Submitted by dnedev on Tue, 2015-08-11 12:50
The SKA is an international effort to build the world’s largest radio telescope, led by the SKA Organisation from the Jodrell Bank Observatory in the UK. The SKA will conduct transformational science to improve our understanding of the Universe and the laws of fundamental physics, monitoring the sky in unprecedented detail and mapping it hundreds of times faster than any current facility.
Initiated by the SKA Organisation and Amazon Web Services (AWS), the AstroCompute in the Cloud program is designed to accelerate tools and technique development for storage and analysis of the vast data volumes produced by modern telescopes. The team has received a grant from the SKAO-AWS to develop a Continuous Integration (CI) process for testing astronomical data processing workflows, to ensure that the system can sustainably handle growth in terms of both query complexity and data volume.
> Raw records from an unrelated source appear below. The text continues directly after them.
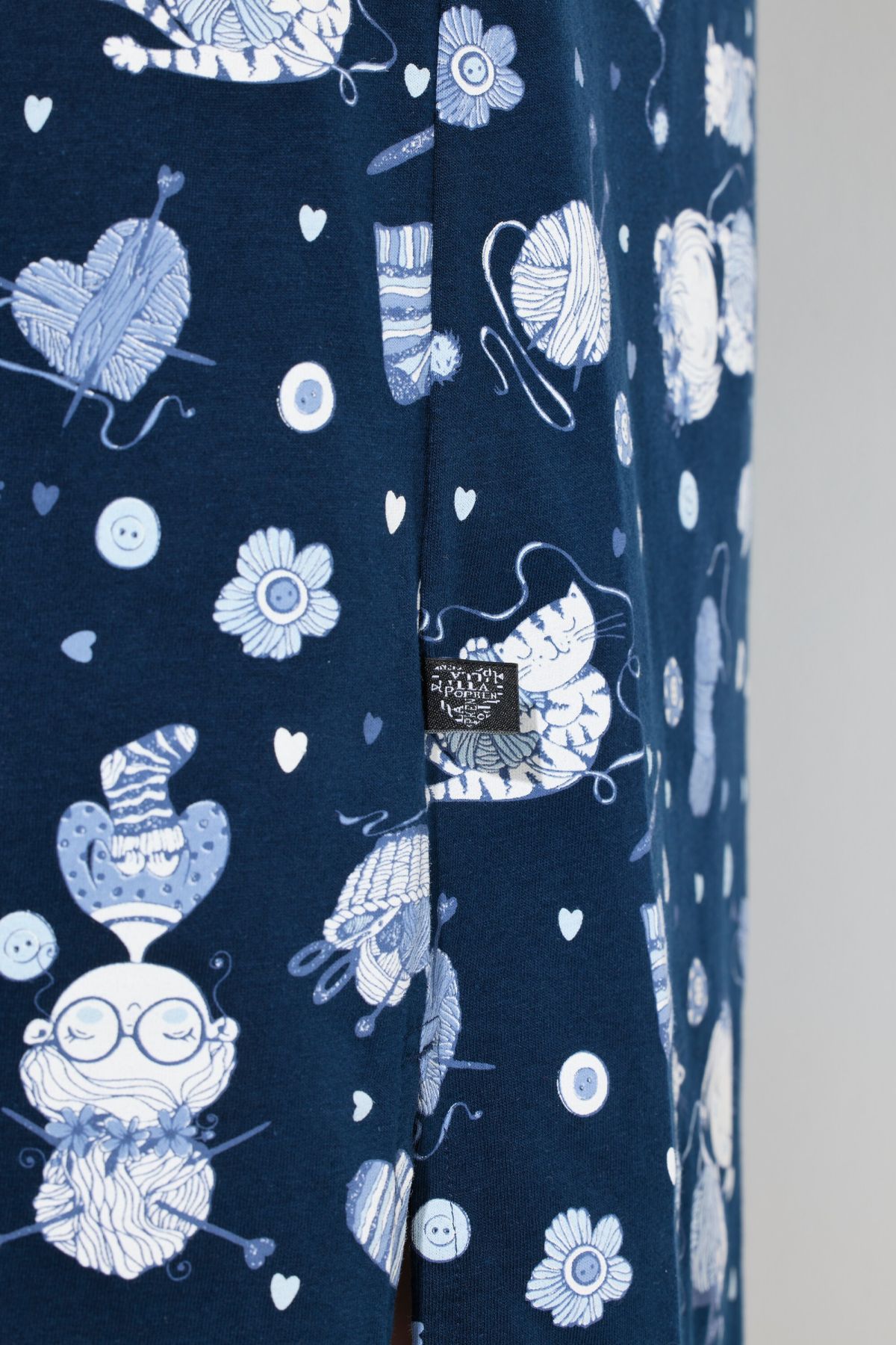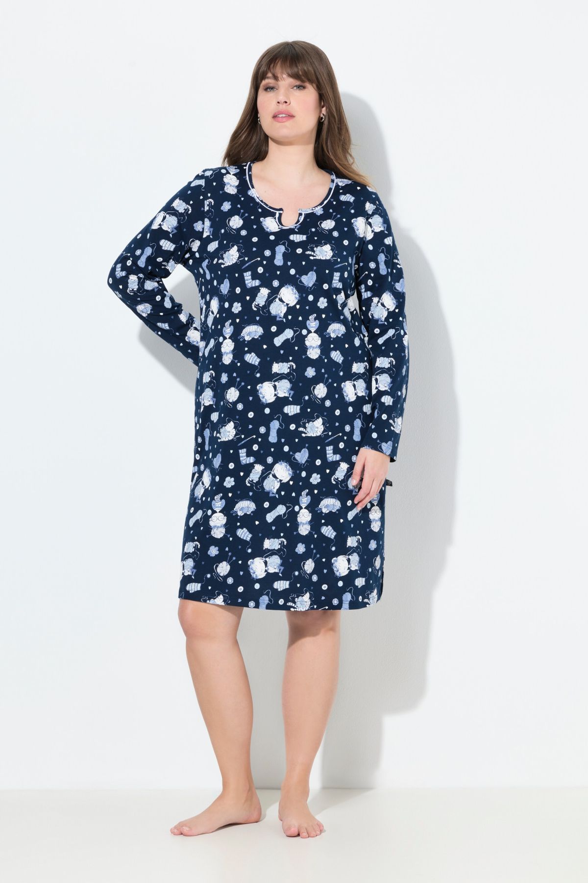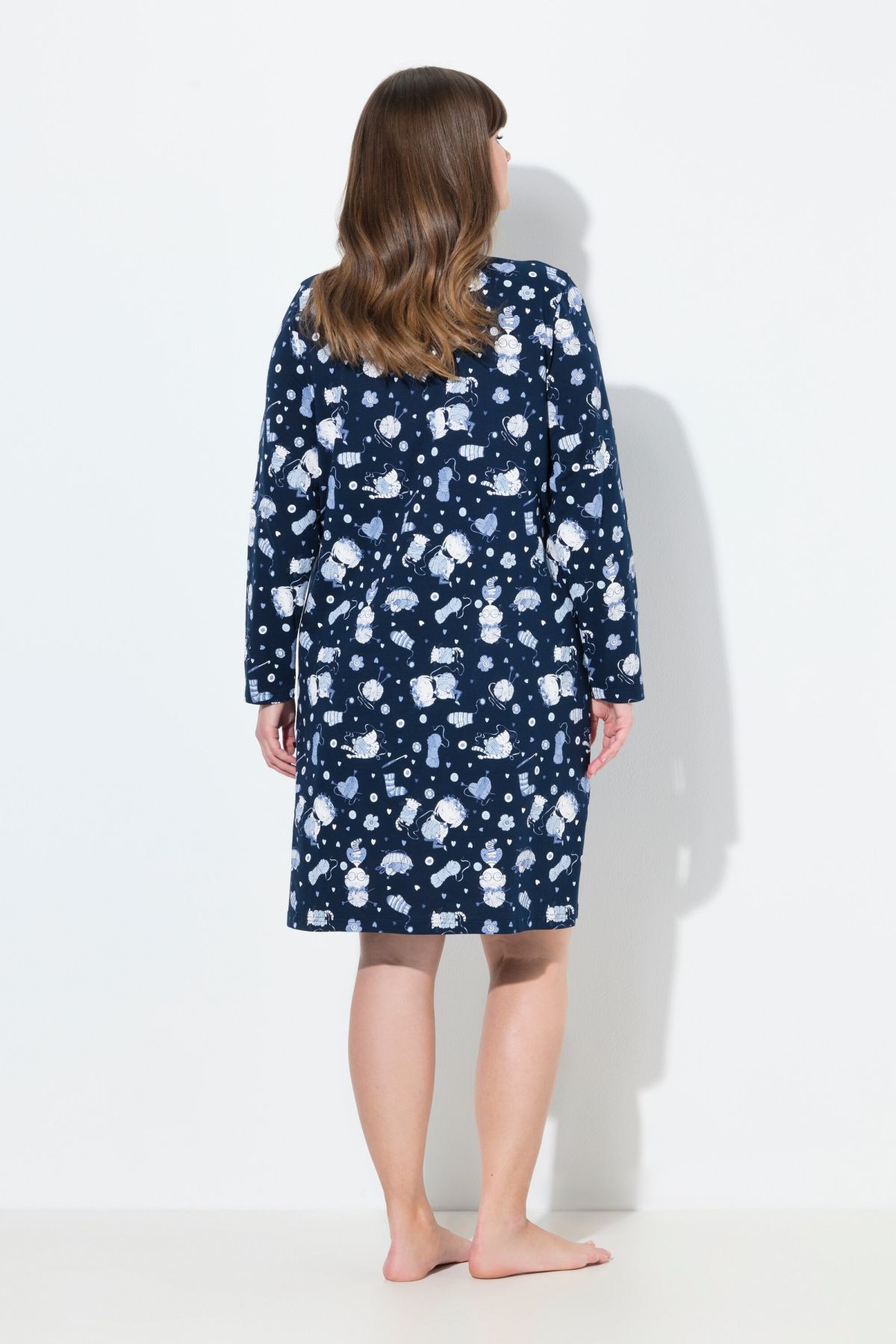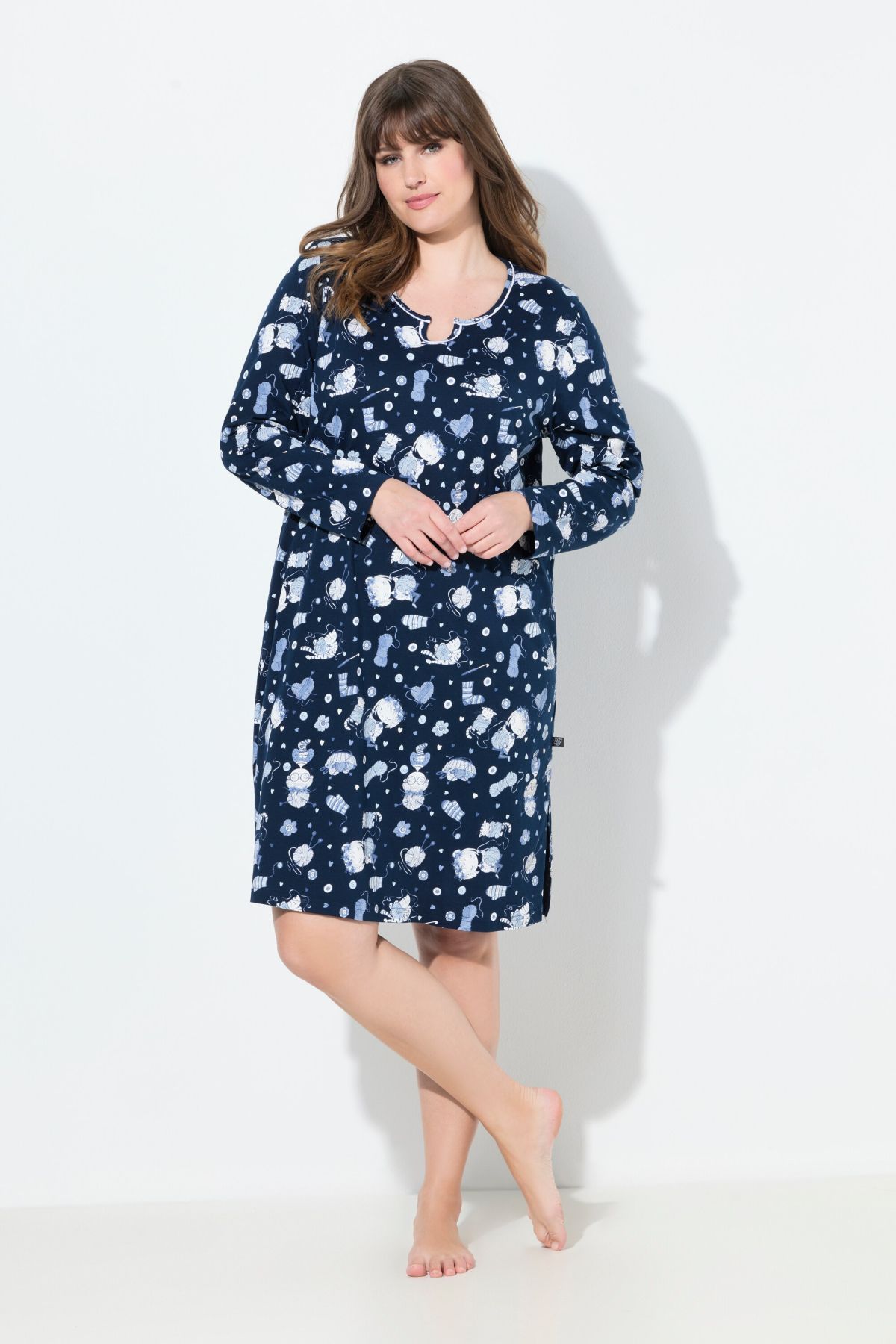 Комплект от 2 броя нощници - едната едноцветна с акцент на котка, а другата изцяло с принт на котки с кръгло деколте с цепка. И двете с 3/4 ръкави и странични цепки на подгъва
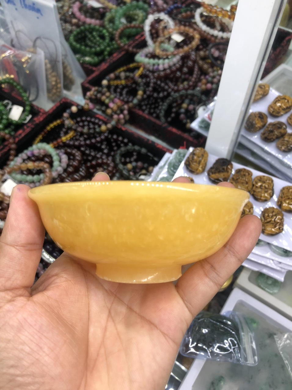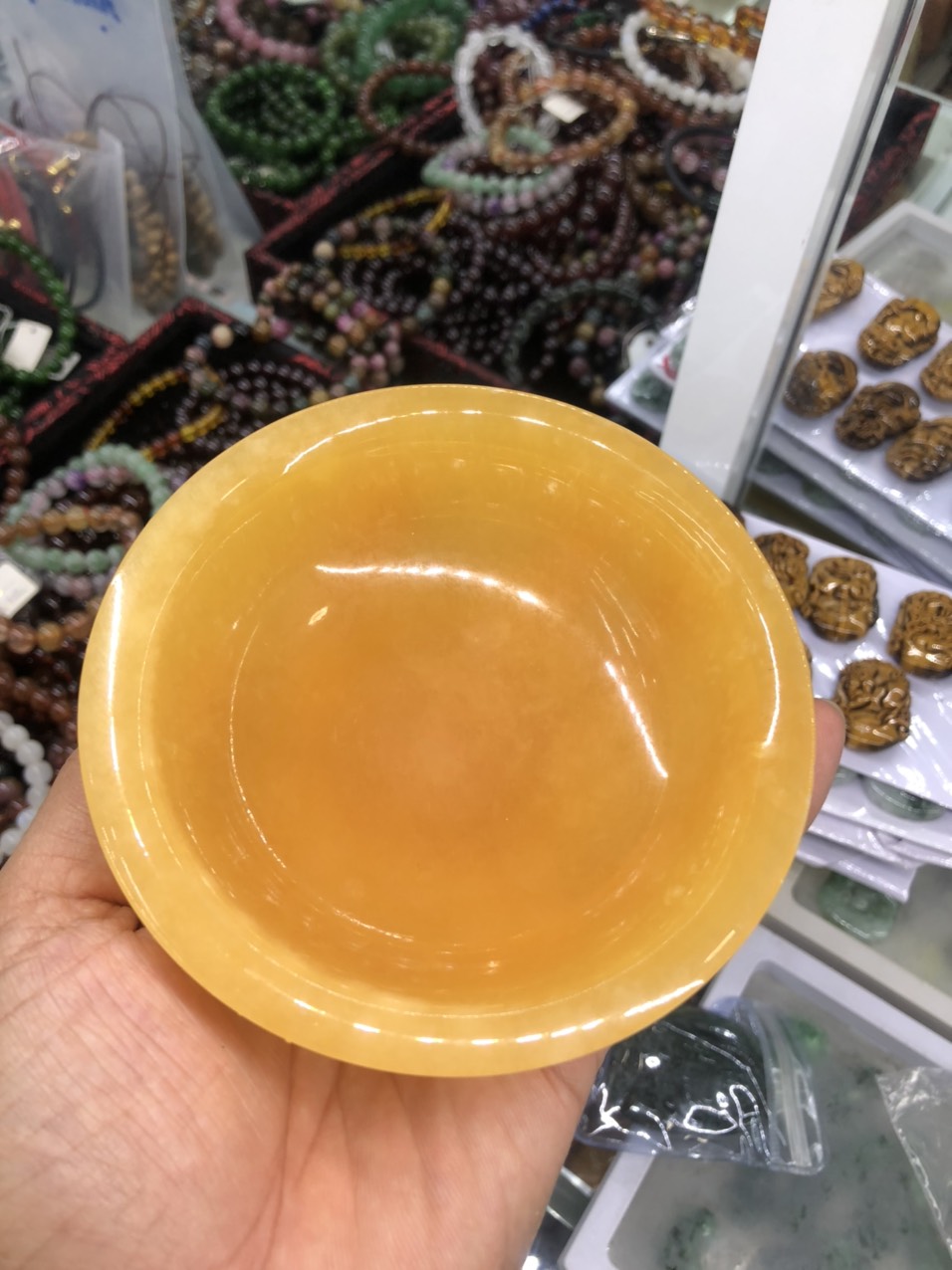 Chất liệu: Đá ngọc hoàng long Kích thước: Đường kính 10,5cm; Cao 4cm; Sâu 2,7cm Khối lượng: 260g
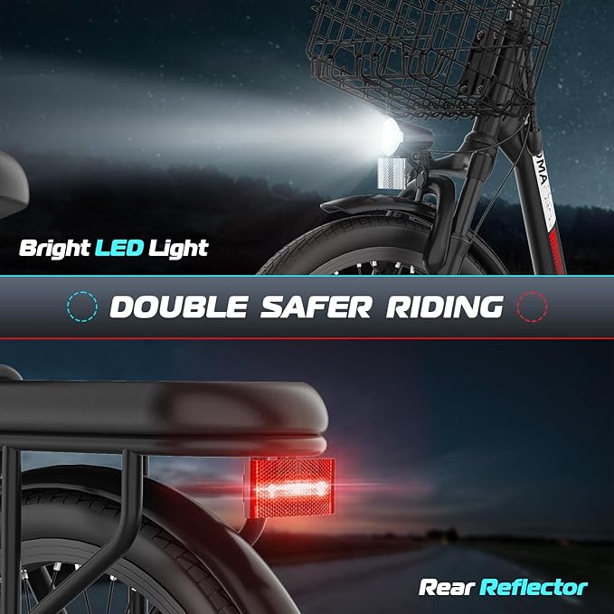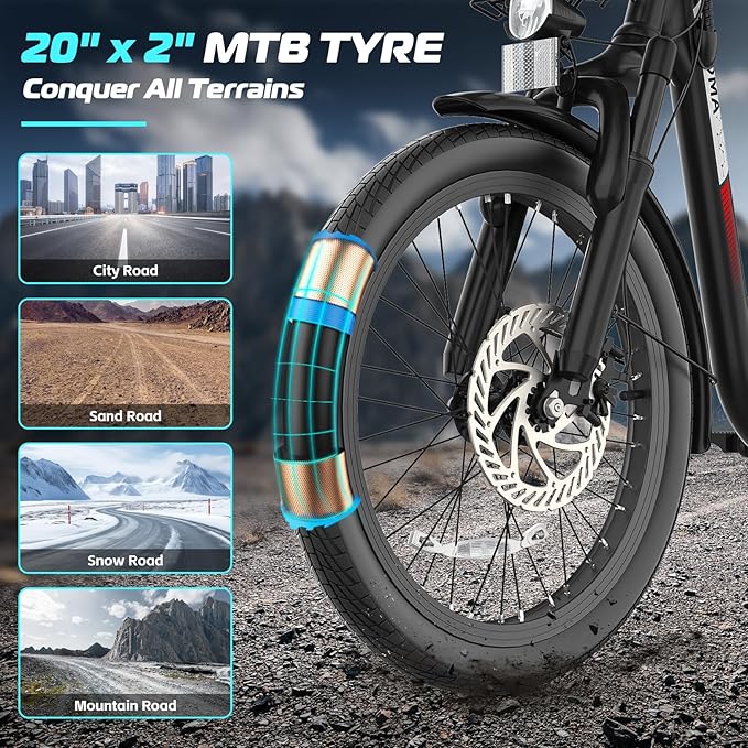 - 【Safe Ebike Configuration】20 inch electric bike for adults adopts a front shock absorber to smooth out bumps, rocky and uneven terrain. The added fenders protect your bike away from mud and water. The smart LCD display provides battery life real-time data. Other reliable e-bike designs like mechanical dual disc brakes, LED headlight and electric horn system and reflectors, safeguard your safety.
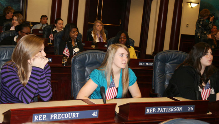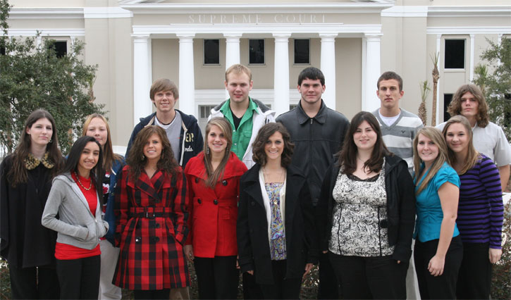 While in Tallahassee, the students toured the governor’s mansion and observed court in session in the Florida Supreme Court. The students participated in a mock session in the house chambers where various members of the House of Representatives addressed the group. In addition, the students enjoyed visiting the Challenger Museum and viewing the IMAX movie, Forces of Nature.

In addition, it can monitor that software tools and algorithm updates work as expected, both in terms of new features and performance improvements.
A critical component of a data processing pipeline is the database management system (DBMS). DBMSs are very efficient in both storing data, as well retrieving data quickly. Modern DBMSs also use common interfaces to make data access ubiquitous. This makes them great for many forms of data retrieval, including data mining, running machine learning algorithms for clustering or classification, as well as visualisation of the stored data. For the SKA AstroCompute project our team uses MonetDB, leveraging its in-line R capabilities for zero-copy data analysis and Data Vaults for no-hassle handling of external data files. The complete pipeline will run in the AWS cloud, scaling-up on incoming data or after software/algorithm updates, and scaling back down after the processing and validation is done.